**What to do**
Only the lines below from the one containing "本书以全新的阐述方式将Pow" through the one containing "Queen Of Sparkles" belong in the answer, repeated exactly and without pictures.
╭─ Exercise input
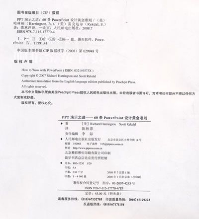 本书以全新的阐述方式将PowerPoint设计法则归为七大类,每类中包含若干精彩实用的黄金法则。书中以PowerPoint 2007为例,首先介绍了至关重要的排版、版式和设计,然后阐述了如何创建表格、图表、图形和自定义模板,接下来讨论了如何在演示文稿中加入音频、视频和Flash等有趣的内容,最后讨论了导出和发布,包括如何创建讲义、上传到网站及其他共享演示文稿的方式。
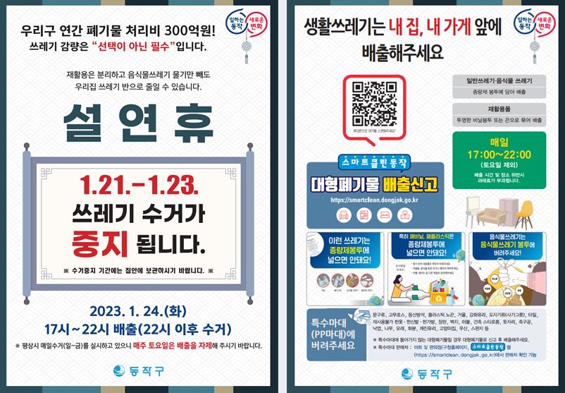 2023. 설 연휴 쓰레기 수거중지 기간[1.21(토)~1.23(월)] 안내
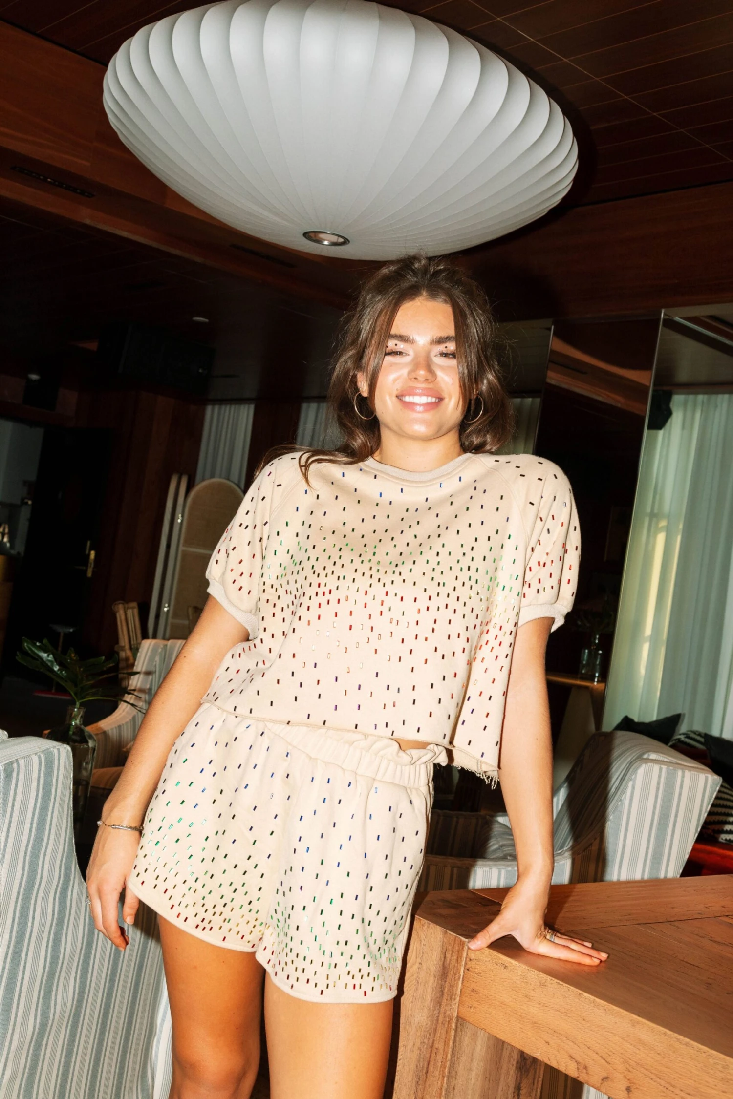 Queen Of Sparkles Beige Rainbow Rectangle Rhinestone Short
╰─
╭─ Exercise input
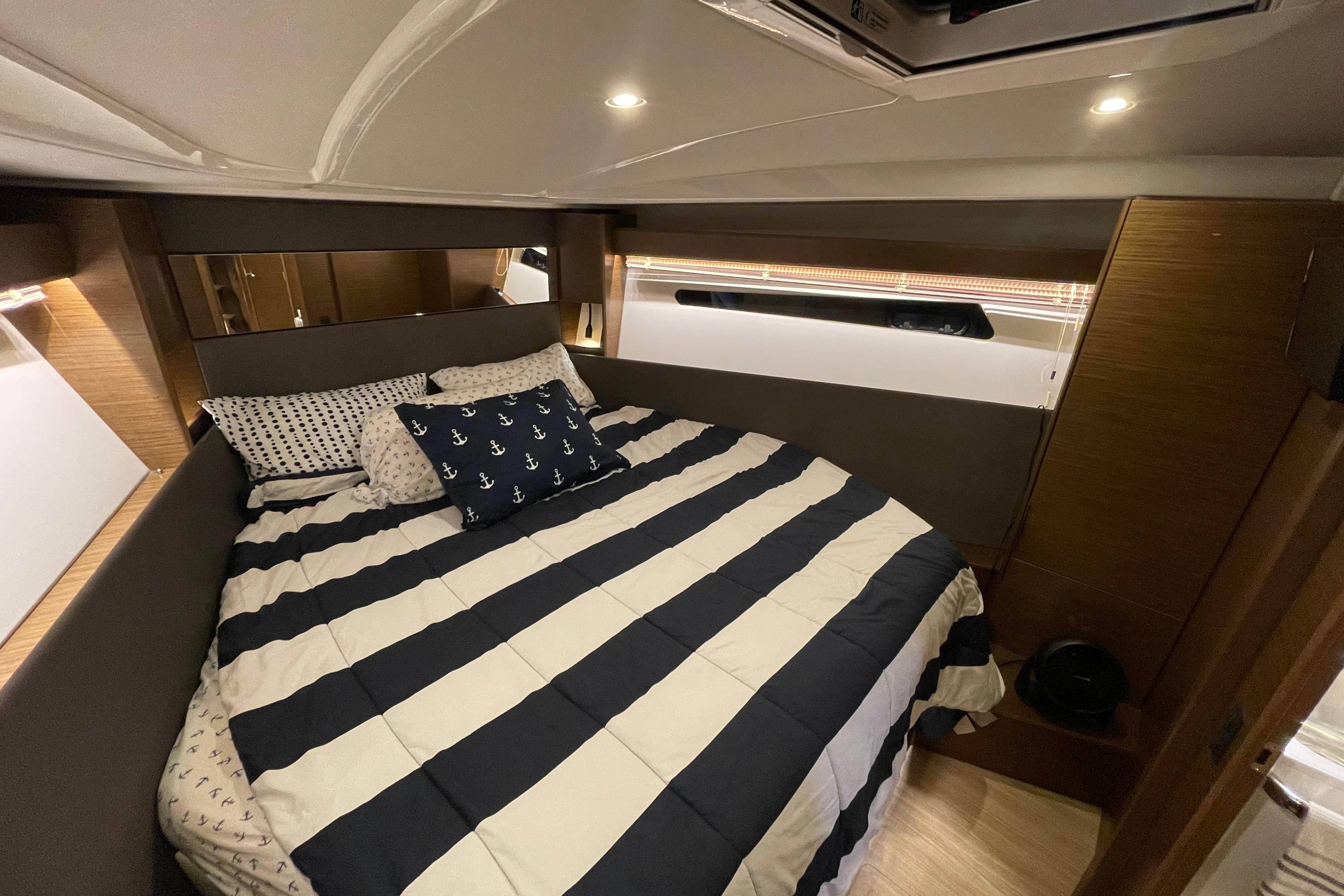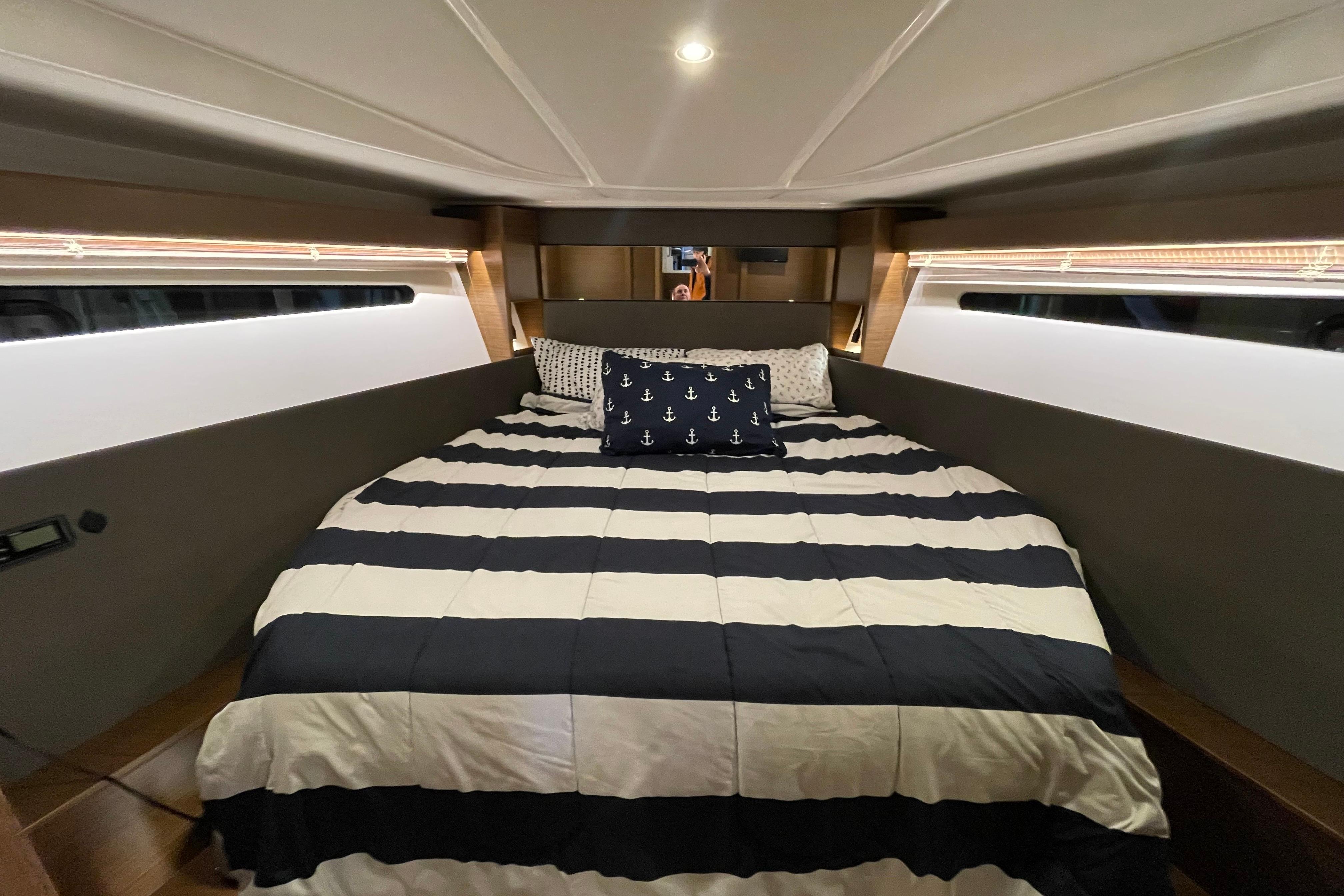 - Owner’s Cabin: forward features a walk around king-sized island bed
╰─
**Solved problem**
 本书以全新的阐述方式将PowerPoint设计法则归为七大类,每类中包含若干精彩实用的黄金法则。书中以PowerPoint 2007为例,首先介绍了至关重要的排版、版式和设计,然后阐述了如何创建表格、图表、图形和自定义模板,接下来讨论了如何在演示文稿中加入音频、视频和Flash等有趣的内容,最后讨论了导出和发布,包括如何创建讲义、上传到网站及其他共享演示文稿的方式。
 2023. 설 연휴 쓰레기 수거중지 기간[1.21(토)~1.23(월)] 안내
 Queen Of Sparkles Beige Rainbow Rectangle Rhinestone Short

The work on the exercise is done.